From the entries below, print exactly the span beginning with the line holding "Guru conducts a" and ending with the line holding "Using your PC", endpoints included, and skip any pictures.

*****

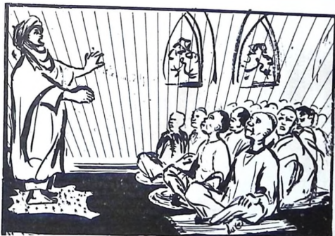
Muslim Sermon every Friday at 0615 Rpt Fri, 1230hrs

0530 STATION CALL SIGNAL 7531 NATIONAL ANTHEM, PLEDGE AND OPENING ANNOUNCEMENT 0532 READING FROM THE HOLY QURAN 0547 PROGRAMME PARADE IN ENGLISH AND HAUSA 0600 NEWS AT DAWN 0603 MOMENT FOR THOUGHT FROM THE NIGERIAN EDITORIALS 0605 MOSLEM SERMON (RPT FROM FRI 1230)HRS 0645 STATE NEWS IN BRIEF 0650 SHORT AND SWEET 0700 NATIONAL NETWORK NEWS 0715 NEWS ANALYSIS 0720 BARKA DA JUMMA'A - A REQUEST PROGRAMME IN HAUSA 0800 NEWS SUMMARY IN KANURI HAUSA AND FULFULDE 0815 YAKAMUASO - HOUSEWIVES PROGRAMME IN KANURI (RPT FROM WED 1615)HRS 0845 ZABEN MAI GABATARWA 0900 DON IYA'IEN KU - A FAMILY REQUEST PROGRAMME IN HAUSA 1000 INDIAN MUSIC BY D.C.A. 1030 INDA ACE - A LIGHT HEARTED ENTERTAINMENT PROGRAMME IN HAUSA (RPT FROM SUNDAY 1730)HRS
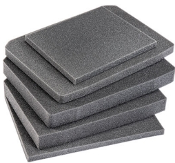
V200FS 4 pc. Replacement Foam Set
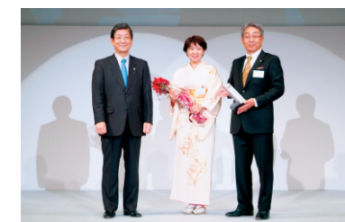
Global NSSW Awards ceremony, 2006

We initiated the Global Nissan Sales and Service Way (NSSW) Awards program to accelerate the improvement of the quality of our service. This program recognizes dealerships around the world that have made substantial contributions to the Nissan brand by achieving outstanding customer satisfaction ratings for sales and service. In 2006, Global NSSW Awards were presented to 49 dealers from 30 countries, of which four were from Japan, 11 from the Americas, 16 from Europe and 18 from the General Overseas Markets.
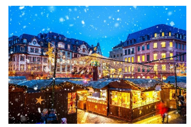
Christmas Fair in Mainz

Further information about living and studying in Germany:
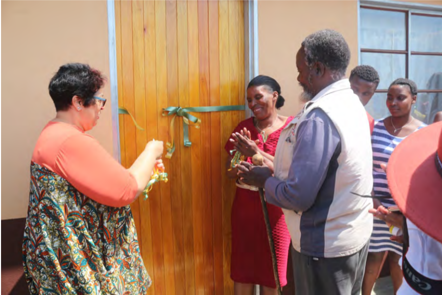
Above: M.E .C officially handing over a house to one of the beneficiaries at Silangwe Village in Mbizana just two days before the O.R Tambo centenary year celebrations
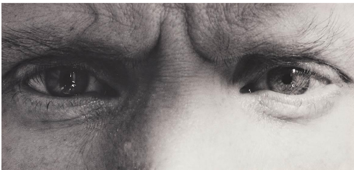
Robert Mapplethorpe Self Portrait , 1988 Estimate £60,000 - 80,000 To be offered in ULTIMATE

Auction to Offer Prominent Private Collections Including Property from the Collection of Paul and Toni Arden
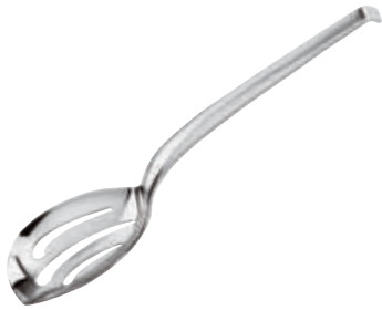
Perforated serving spoon Cucchiaio a servire forato Servierlöffel gelocht Cuiller à servir percée Cuchara servir perforada

● 52750K13 PVD Copper ● 52750O13 PVD Gold
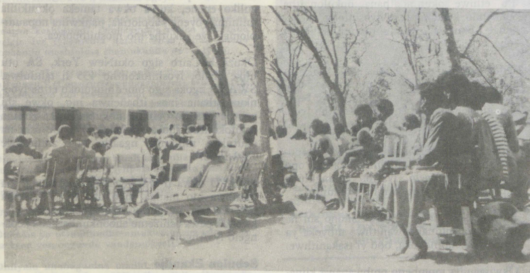
Oshituthitumo numvo mOngwediva. Aagundjuka naanona oya li taa monika oyendji.
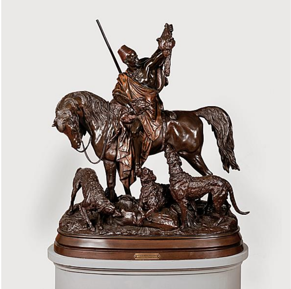
KABYLE AU RETOUR DE LA CHASSE BY ARTHUR WAAGEN

XVIII-XIX CENTURY FURNITURE & DECORATIVE ARTS
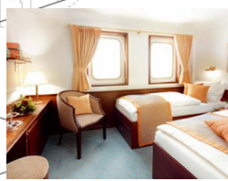
Category 3. From
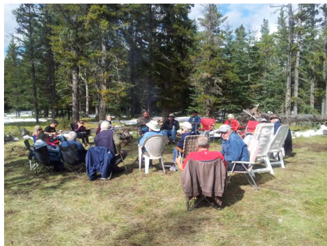
Around the campfire
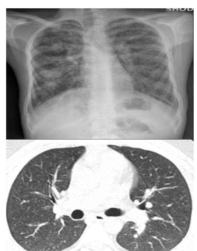
Figure 2. Chest radiography, increase in vascularity was found; (A) in the thorax CT, a presence in line with chronic atelectasis and central, peripheral bronchiectasis were detected (B).

Post-anesthetic assessment: All patients should be received 3-4 Li oxygen to breathe in the recovery room. Analgesics that do not depress the respiratory system should use in the postoperative period.6 Chest physiotherapy may also help eliminate discharges.5 specifically, in patients with hypoxemia and hypercarbia
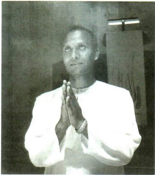
Guru conducts a Peace Meditation at the Chapel of the Church Centre for the United Nations, Sep 1971.
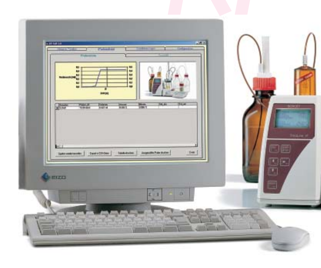
Using your PC and the titration software >KF-Soft<, you can also display your KF titrations as curves. All results can be reliably documented in the database integrated in the PC and retrieved at will.

To document your results, you can connect a printer, such as the TZ 3460, to one of the two RS-232-C interfaces. For documentation of your results, you can choose to print the results in standard, brief or GLP form. The GLP documentation includes the consumption, result, statistics, originally weighed quantity/submitted quantity, date, time, sample ID, titre, blank value, drift, titration period, method used, titration parameter, calculation formula with values used and an addition input field for the user.
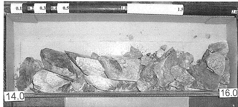
Box 1 of 7
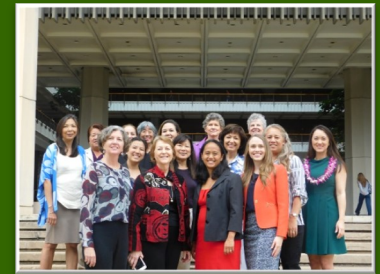
Women's Legislative Caucus
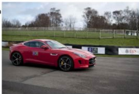
Prince Harry getting ready to drive a Jaguar F-Type.
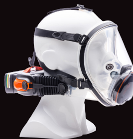
CleanSpace Ultra Full-Face Mask
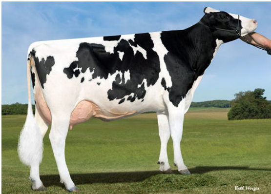
SANDY-VALLEY MORGAN ERA GRANDDAM
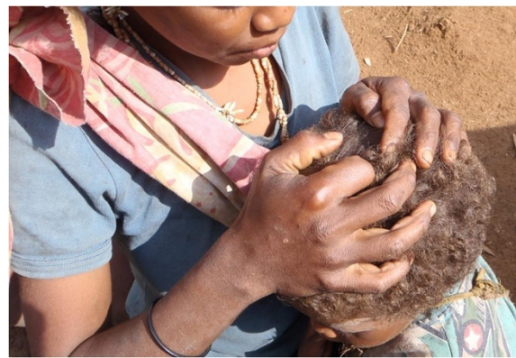
Figure 1 Teenage girl searching for and crushing head lice in a young child (East Kwaio mountains, Malaita Province, Solomon Islands).

Since we had difficulty locating evidence to inform local head lice guidelines in the Solomon Islands, we decided to do a systematic literature review of pediculosis in the PICTs. The aim of this review was to evaluate evidence in the peer reviewed literature on pediculosis due to head lice in the 22 nations that form the PICTs.
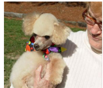
Lucky- groomed and looking cute with his new "mom"
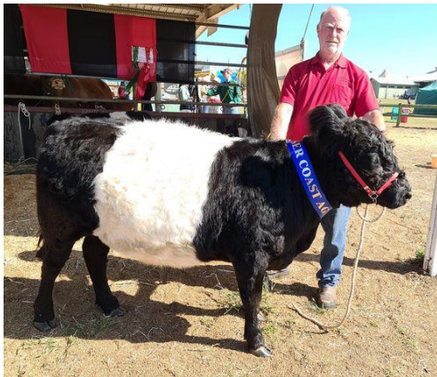
Fraser Coast Show - Freedom Rise Shadow

*****

** Answer for the task **
Guru conducts a Peace Meditation at the Chapel of the Church Centre for the United Nations, Sep 1971.
Using your PC and the titration software >KF-Soft<, you can also display your KF titrations as curves. All results can be reliably documented in the database integrated in the PC and retrieved at will.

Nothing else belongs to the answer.